* **EXERCISE INSTRUCTIONS**: Write out every record exactly as it appears. Skip the pictures.

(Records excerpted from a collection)
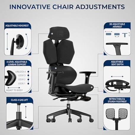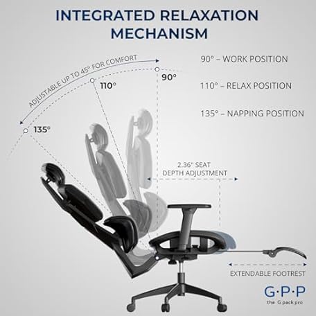 G-PACK PRO Mesh Office Chair – Ergonomic Office Chair with 4-Level Adjustable Lumbar Support, Headrest, 3D Armrest & Footrest – Holds Up to 290lbs (G-Howk-Pro -1)
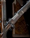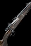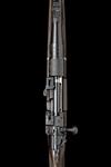 24in. nitro reproved .300 Winchester barrel (in 2017), block-mounted open sights with one folding leaf sight, matted finish with gold-inlaid sight lines and marked for 100 and 200 yards, ramp-mounted bead fore-sight with locking folding protector hood, the knox form engraved with the calibre designation, the sight and sling mounts engraved with celtic knotwork on a matted background;
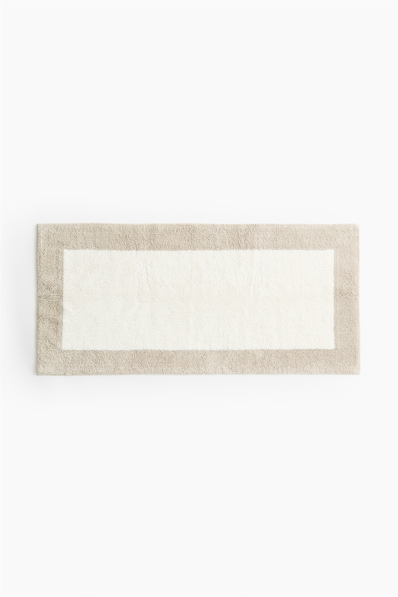 Коврик для ванной из хлопка с ворсом, который мягко и уютно ложится под ноги. Он имеет контрастную окантовку на лицевой стороне и противоскользящие ручки на обратной стороне.
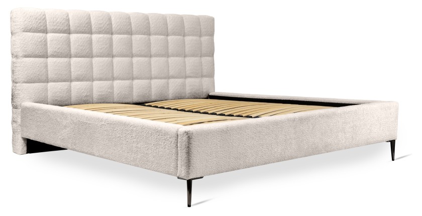 Sa tête de lit capitonnée de 112 cm, avec ses carrés graphiques, donne un style affirmé à votre intérieur. Le sommier à lattes inclus permet un confort immédiat, tandis que la structure en bois massif et panneaux de particules haute densité garantit solidité et durabilité. Les pieds noirs en métal de 15 cm assurent une finition moderne et une aération optimale du lit.
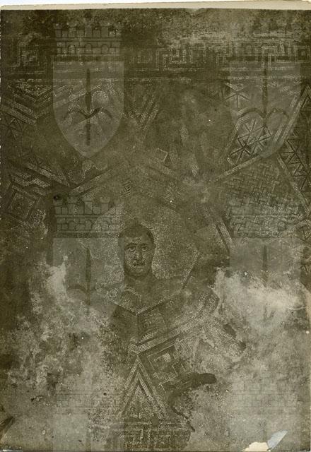 Pannello musivo che ornava il complesso noto in letteratura con il nome di "Grandi Terme", costruito ad Aquileia nel settore sud-occidentale della città antica in età tardocostantiniana. L'edificio, messo in luce negli anni Venti e attualmente in corso di scavo da parte dell'Università di Udine, è noto solo parzialmente: si conosce un ampio "frigidarium", collocato idealmente al centro del complesso, collegato in corrispondenza dei lati brevi mediante due lunghi corridoi a due aule simmetricamente opposte e di identiche dimensioni, interpretate come palestre "apodyteria". A est del frigidario era situata la piscina mentre alcune emergenze poste a ovest sembrerebbero riconducibili alla zona del calidario/tepidario. Completavano il complesso una serie di altri vani, alcuni dei quali riscaldati, posti nelle immediate vicinanze delle due ampie palestre. Le terme erano dotate un ricco apparato decorativo di cui rimane testimonianza nei rivestimenti in marmo e in mosaico, come si evince dalla foto in esame. Il particolare qui riprodotto ornava l'aula Nord, caratterizzata da una composizione musiva piuttosto articolata (identica, nell'organizzazione, a quella dell'aula Sud): attorno a un grande quadrato centrale decorato da Nettuno sul carro si disponevano sedici pannelli campiti da fitti ornati geometrici impreziositi da personaggi del mondo marino, tra cui Nereidi e Tritoni, e figure di atleti. Chiudevano la decorazione in corrispondenza dei lati brevi due pannelli rettangolari, lunghi come l'ambiente, decorati da soggetti maschili, da interpretare verosimilmente come atleti. La porzione di tessellato qui riprodotta apparteneva al pannello musivo che delimitava la composizione a nord, decorato da una trama di ottagoni stellati e quadrati, formanti losanghe e triangoli negli spazi di risulta, con gli ottagoni campiti da busti maschili in proporzioni maggiori del vero. Degli originari cinque ottagoni se ne conservano solo quattro, di cui quello della fotografia rappresenta il più orientale: ritrae un atleta giovane e imberbe, con torso nudo, caratterizzato da corti capelli scuri e un ciuffo sulla sommità del capo. Il mosaico si data al secondo quarto del IV sec. d.C.
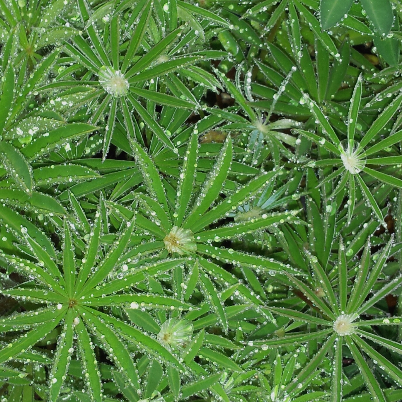 I’m going to work on posting more over the next several weeks. Have been out of the groove for months, this is easy way to post. This picture for the Weekly Photo Challenge was taken in my yard before these plants made their way into the ground. I’m amazed at the shots my little phone can get and love this one! To me it looked as if little diamonds had found a home on the leaves of the lupines.
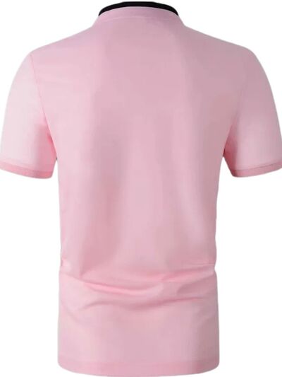 Men's Full Size Stand Collar Contrast Short Sleeve Polo Plus Size
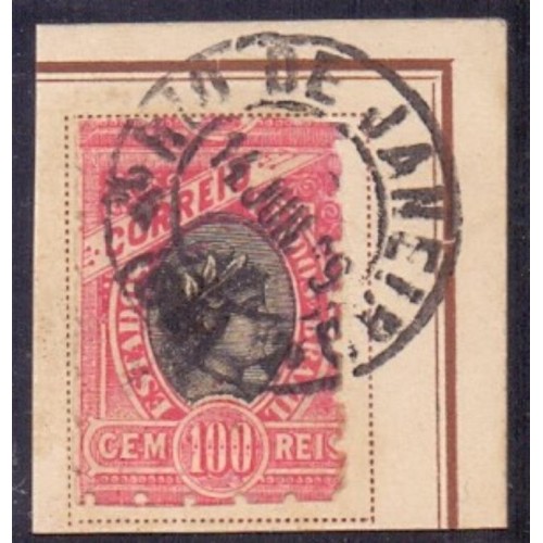 Etiquetas: R-084 - MADRUGADA REPUBLICANA - 100 RÉIS - ROSA E PRETO - DENTEAÇÃO GROSSA CARIMBO RIO DE JANEIRO 14/06/1889 - FRAGMENTO BILHETE POSTAL

* **SOLUTION FOR THIS EXERCISE**:
 G-PACK PRO Mesh Office Chair – Ergonomic Office Chair with 4-Level Adjustable Lumbar Support, Headrest, 3D Armrest & Footrest – Holds Up to 290lbs (G-Howk-Pro -1)
 24in. nitro reproved .300 Winchester barrel (in 2017), block-mounted open sights with one folding leaf sight, matted finish with gold-inlaid sight lines and marked for 100 and 200 yards, ramp-mounted bead fore-sight with locking folding protector hood, the knox form engraved with the calibre designation, the sight and sling mounts engraved with celtic knotwork on a matted background;
 Коврик для ванной из хлопка с ворсом, который мягко и уютно ложится под ноги. Он имеет контрастную окантовку на лицевой стороне и противоскользящие ручки на обратной стороне.
 Sa tête de lit capitonnée de 112 cm, avec ses carrés graphiques, donne un style affirmé à votre intérieur. Le sommier à lattes inclus permet un confort immédiat, tandis que la structure en bois massif et panneaux de particules haute densité garantit solidité et durabilité. Les pieds noirs en métal de 15 cm assurent une finition moderne et une aération optimale du lit.
 Pannello musivo che ornava il complesso noto in letteratura con il nome di "Grandi Terme", costruito ad Aquileia nel settore sud-occidentale della città antica in età tardocostantiniana. L'edificio, messo in luce negli anni Venti e attualmente in corso di scavo da parte dell'Università di Udine, è noto solo parzialmente: si conosce un ampio "frigidarium", collocato idealmente al centro del complesso, collegato in corrispondenza dei lati brevi mediante due lunghi corridoi a due aule simmetricamente opposte e di identiche dimensioni, interpretate come palestre "apodyteria". A est del frigidario era situata la piscina mentre alcune emergenze poste a ovest sembrerebbero riconducibili alla zona del calidario/tepidario. Completavano il complesso una serie di altri vani, alcuni dei quali riscaldati, posti nelle immediate vicinanze delle due ampie palestre. Le terme erano dotate un ricco apparato decorativo di cui rimane testimonianza nei rivestimenti in marmo e in mosaico, come si evince dalla foto in esame. Il particolare qui riprodotto ornava l'aula Nord, caratterizzata da una composizione musiva piuttosto articolata (identica, nell'organizzazione, a quella dell'aula Sud): attorno a un grande quadrato centrale decorato da Nettuno sul carro si disponevano sedici pannelli campiti da fitti ornati geometrici impreziositi da personaggi del mondo marino, tra cui Nereidi e Tritoni, e figure di atleti. Chiudevano la decorazione in corrispondenza dei lati brevi due pannelli rettangolari, lunghi come l'ambiente, decorati da soggetti maschili, da interpretare verosimilmente come atleti. La porzione di tessellato qui riprodotta apparteneva al pannello musivo che delimitava la composizione a nord, decorato da una trama di ottagoni stellati e quadrati, formanti losanghe e triangoli negli spazi di risulta, con gli ottagoni campiti da busti maschili in proporzioni maggiori del vero. Degli originari cinque ottagoni se ne conservano solo quattro, di cui quello della fotografia rappresenta il più orientale: ritrae un atleta giovane e imberbe, con torso nudo, caratterizzato da corti capelli scuri e un ciuffo sulla sommità del capo. Il mosaico si data al secondo quarto del IV sec. d.C.
 I’m going to work on posting more over the next several weeks. Have been out of the groove for months, this is easy way to post. This picture for the Weekly Photo Challenge was taken in my yard before these plants made their way into the ground. I’m amazed at the shots my little phone can get and love this one! To me it looked as if little diamonds had found a home on the leaves of the lupines.
 Men's Full Size Stand Collar Contrast Short Sleeve Polo Plus Size
 Etiquetas: R-084 - MADRUGADA REPUBLICANA - 100 RÉIS - ROSA E PRETO - DENTEAÇÃO GROSSA CARIMBO RIO DE JANEIRO 14/06/1889 - FRAGMENTO BILHETE POSTAL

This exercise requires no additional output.